__Work request__.
Give again, word for word, the lines below that run from the line with "Posmatrano prema kvalifikacionoj" through the line with "Dokument wydany w". Drop the pictures.

__The data__.

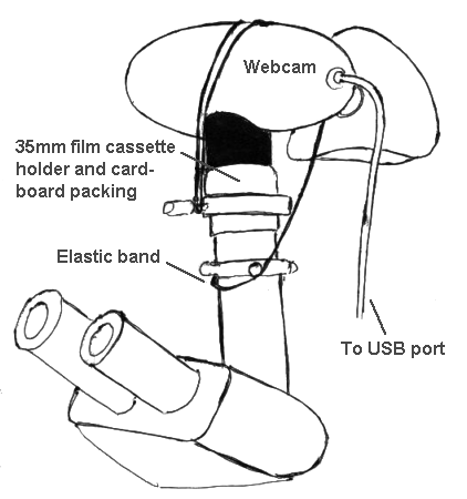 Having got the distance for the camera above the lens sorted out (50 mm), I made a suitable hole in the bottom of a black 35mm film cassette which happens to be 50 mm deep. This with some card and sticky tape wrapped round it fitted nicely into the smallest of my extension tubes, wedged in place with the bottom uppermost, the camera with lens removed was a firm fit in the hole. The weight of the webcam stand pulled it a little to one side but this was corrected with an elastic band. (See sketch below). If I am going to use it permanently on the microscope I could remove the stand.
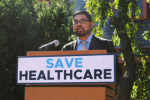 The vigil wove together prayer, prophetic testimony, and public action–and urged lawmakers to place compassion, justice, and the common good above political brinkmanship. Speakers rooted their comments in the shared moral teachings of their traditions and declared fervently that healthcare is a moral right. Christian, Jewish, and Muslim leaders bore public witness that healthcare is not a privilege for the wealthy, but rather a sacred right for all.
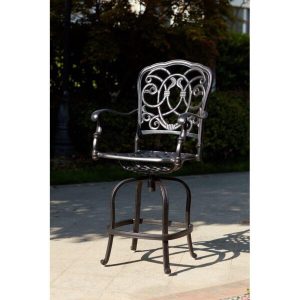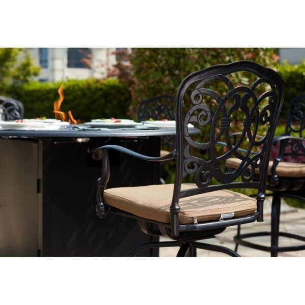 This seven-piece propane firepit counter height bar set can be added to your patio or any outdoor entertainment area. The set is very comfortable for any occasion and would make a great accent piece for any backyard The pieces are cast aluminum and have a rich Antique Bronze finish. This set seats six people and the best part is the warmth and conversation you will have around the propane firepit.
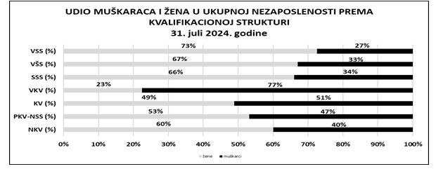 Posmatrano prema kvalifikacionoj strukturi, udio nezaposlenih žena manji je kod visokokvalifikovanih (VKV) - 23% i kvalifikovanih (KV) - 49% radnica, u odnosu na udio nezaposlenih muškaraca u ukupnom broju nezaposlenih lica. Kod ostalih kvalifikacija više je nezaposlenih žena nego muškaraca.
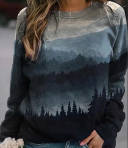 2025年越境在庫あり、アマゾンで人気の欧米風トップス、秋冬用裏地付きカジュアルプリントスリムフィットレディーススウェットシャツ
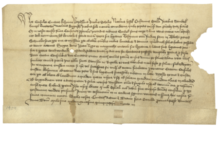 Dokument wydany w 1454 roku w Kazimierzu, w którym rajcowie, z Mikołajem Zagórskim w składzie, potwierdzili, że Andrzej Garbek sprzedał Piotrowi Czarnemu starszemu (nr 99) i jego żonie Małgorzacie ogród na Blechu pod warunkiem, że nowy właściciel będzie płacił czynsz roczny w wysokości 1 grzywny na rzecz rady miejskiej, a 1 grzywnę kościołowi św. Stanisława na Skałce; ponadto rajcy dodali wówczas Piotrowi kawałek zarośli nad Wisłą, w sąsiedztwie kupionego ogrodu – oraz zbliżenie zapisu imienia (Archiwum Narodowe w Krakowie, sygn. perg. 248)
==
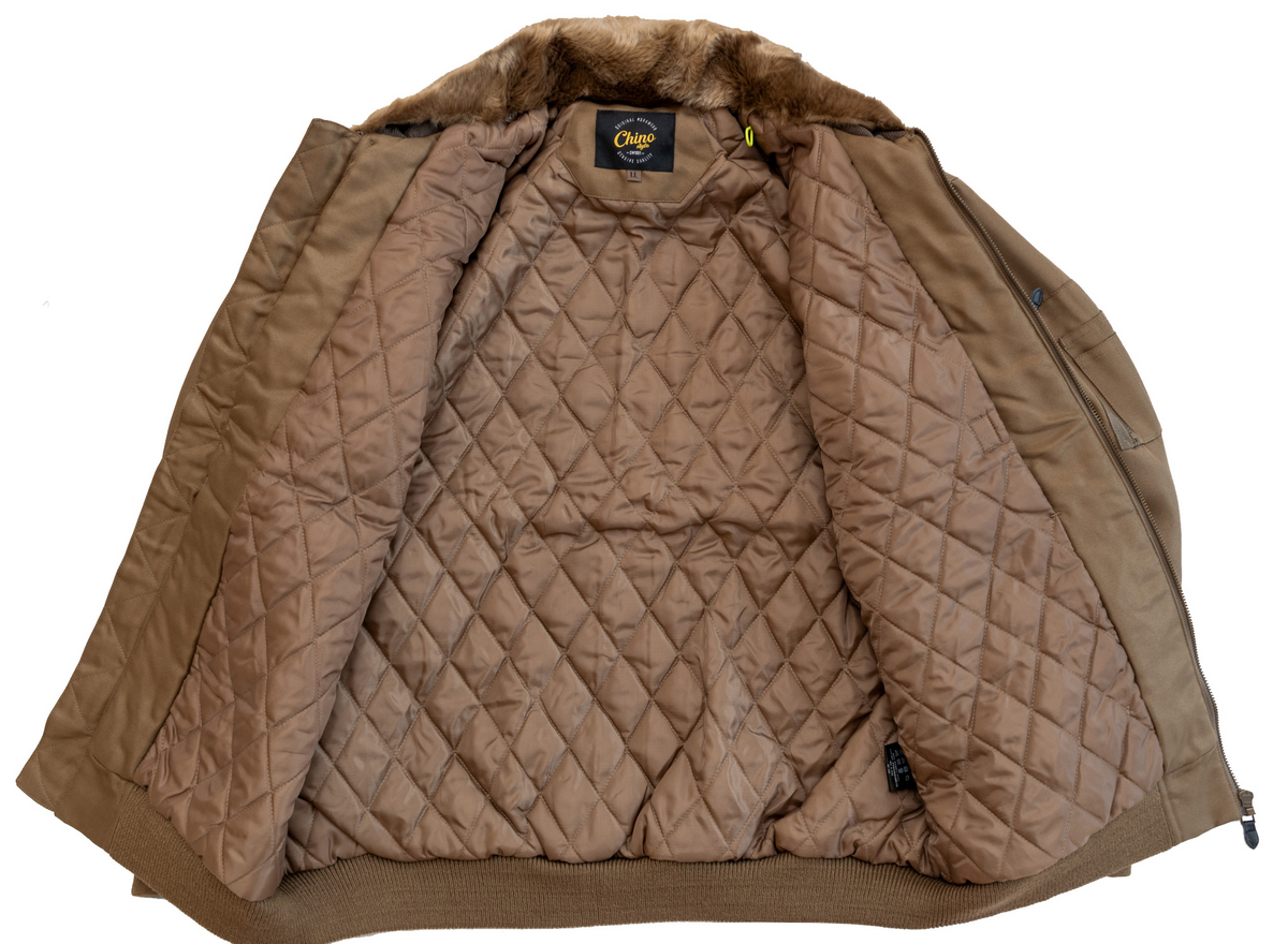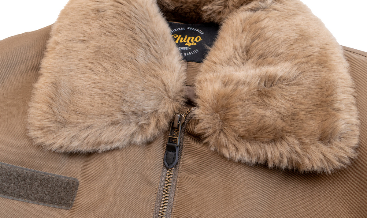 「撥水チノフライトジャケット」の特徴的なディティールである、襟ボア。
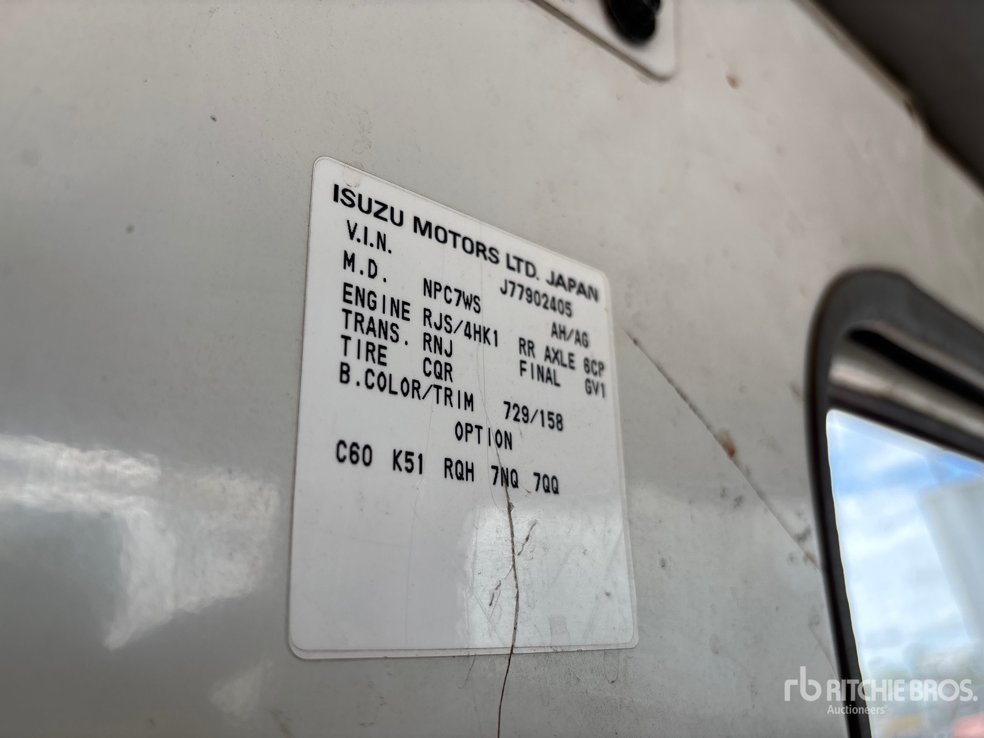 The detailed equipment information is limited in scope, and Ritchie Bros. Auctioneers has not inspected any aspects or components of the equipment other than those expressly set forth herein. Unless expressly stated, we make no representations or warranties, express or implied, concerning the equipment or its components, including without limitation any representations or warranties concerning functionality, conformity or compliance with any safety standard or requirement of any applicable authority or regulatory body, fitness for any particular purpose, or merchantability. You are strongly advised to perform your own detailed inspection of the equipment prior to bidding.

__Result for this exercise__.
 Posmatrano prema kvalifikacionoj strukturi, udio nezaposlenih žena manji je kod visokokvalifikovanih (VKV) - 23% i kvalifikovanih (KV) - 49% radnica, u odnosu na udio nezaposlenih muškaraca u ukupnom broju nezaposlenih lica. Kod ostalih kvalifikacija više je nezaposlenih žena nego muškaraca.
 2025年越境在庫あり、アマゾンで人気の欧米風トップス、秋冬用裏地付きカジュアルプリントスリムフィットレディーススウェットシャツ
 Dokument wydany w 1454 roku w Kazimierzu, w którym rajcowie, z Mikołajem Zagórskim w składzie, potwierdzili, że Andrzej Garbek sprzedał Piotrowi Czarnemu starszemu (nr 99) i jego żonie Małgorzacie ogród na Blechu pod warunkiem, że nowy właściciel będzie płacił czynsz roczny w wysokości 1 grzywny na rzecz rady miejskiej, a 1 grzywnę kościołowi św. Stanisława na Skałce; ponadto rajcy dodali wówczas Piotrowi kawałek zarośli nad Wisłą, w sąsiedztwie kupionego ogrodu – oraz zbliżenie zapisu imienia (Archiwum Narodowe w Krakowie, sygn. perg. 248)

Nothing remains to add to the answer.